Axel Brandt malt

Schreibmaschinenbilder

 

 

Spätestens seit dem Beginn des 20. Jahrhunderts finden Bild und Text in der Kunst immer wieder zueinander: Die Literatur findet zum Bild; die bildende Kunst eignet sich das Medium der Literatur, die Sprache an. Seit dem Kubismus, Futurismus, Dadaismus, seit der abstrakten Kunst und dem Surrealismus gibt es einen fortlaufenden Prozess einer wechselseitigen Durchdringung von Literatur und bildender Kunst.[i] So können auch die „Schreibmaschinenbilder“ von Axel Brandt als ein sehr gegenwärtiger Reflex innerhalb dieser mithin historischen Entwicklungslinie angesehen werden. Seit rund vier Jahren nun bildet die Schreibmaschine eines der von Brandt am meisten geschätzten Motive: Dieses Mittelding zwischen Handwerkzeug und Maschine ist als analoges, längst überkommenes Aufschreibsystem längst vom Computer abgelöst worden. Die Schreibmaschine hat sich aus unserer Lebenswirklichkeit verabschiedet und ist – wenn überhaupt noch – hauptsächlich in den ärmeren Ländern und in Museen für Technik- und Kulturgeschichte zu finden.

 

Obwohl wir heute Schreibmaschinen womöglich mit Sekretärinnen assoziieren, waren Frauen in früheren Zeiten von der Kulturtechnik des Schreibens weitgehend ausgeschlossen. Zunächst weltliche und geistliche Herrscher, später Kauf- und Handelsleute, schließlich Dichter und Rechtsgelehrte verfügten über Schreiber und Kopisten, welche die (Ab-)Schreibarbeiten als überwiegend manuell-mechanische und weniger als intellektuelle Tätigkeit verrichteten. Mitunter waren die Höhergestellten selbst des Schreibens nicht kundig. Das war Jahrhunderte lang Praxis bevor der Buchdruck das Schreiben und die Schrift „demokratisierte“. Bis zur Entwicklung und Verbreitung eines mechanischen Aufschreibsystems namens Schreibmaschine sollten wiederum Generationen verstreichen. Die erste erfolgreiche Schreibmaschine wurde 1868 von Christopher Latham Sholes und Carlos Glidden konstruiert. Von diesem Patent ausgehend, brachte der Nähmaschinen- und Waffenhersteller E. Remington & Sons im Jahr 1874 die erste Maschine auf den Markt.[ii] Heerscharen von Büroangestellten bedienten im Arbeitsalltag fortan Schreibmaschinen und verhalfen diesem neuen technischen Medium zum Erfolg. So war die Schreibmaschine auch ein Instrument der Emanzipation, bahnte den Frauen (zunächst in Amerika) bald schon einen Weg aus den Fabriken in die deutlich besser bezahlten Bürojobs.[iii] Mit der Sekretärin entwickelte sich diese zu einem eigenständigen Berufsbild und verdrängte schließlich den Mann weitgehend von der Schreibmaschine. Waren 1875 in amerikanischen Büros gerade einmal vier Prozent Frauen beschäftigt, stellten sie zu Beginn des 20. Jahrhunderts bereits 75 Prozent der Angestellten.

 

Und wie verhält es sich mit den Schreibmaschinen bei Axel Brandt? Wie trägt dieses Motiv die Malerei und wir erträgt die Malerei dieses Motiv? Bestehen gar biographische Bezüge?

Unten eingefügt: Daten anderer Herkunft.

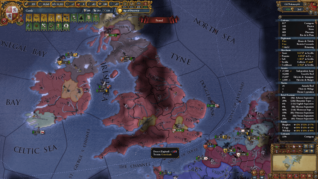 以上の目的でイングランドを攻め、ロンドンおよび交易中心地がある州1つを割譲しました。AEが恐ろしく飛ぶので、2州の割譲で許しています。
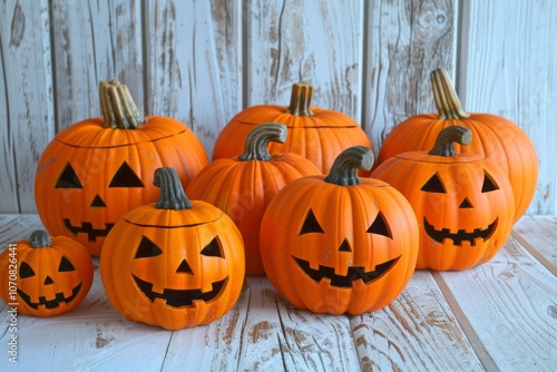 Halloween-themed decoration featuring orange pumpkins on white plank background

Axel Brandt stammt aus einer Handwerkerfamilie. Seine Mutter erledigte sämtliche Korrespondenz auf einer Schreibmaschine. Diese war im Elternhaus allen Familienmitgliedern zugänglich. So konnte Brandt schon als Kind dieses „Medium“ spielerisch ausprobieren und benutzen. Und tatsächlich kommt das Medium Schreibmaschine in den Bildern Brandts auch nicht allzu ernst dargestellt daher: Wie selbstverständlich haben seine Maschinen stets ein weißes Blatt eingespannt, einer Fahne gleich schwingt oder hängst das schwarz-rote Farbband über der Walze, allzeit bereit, jeder Idee oder jedem Gedanken Form und Gestalt zu geben und diese alsbald, sorgsam getippt, als Botschaft zu verbreiten.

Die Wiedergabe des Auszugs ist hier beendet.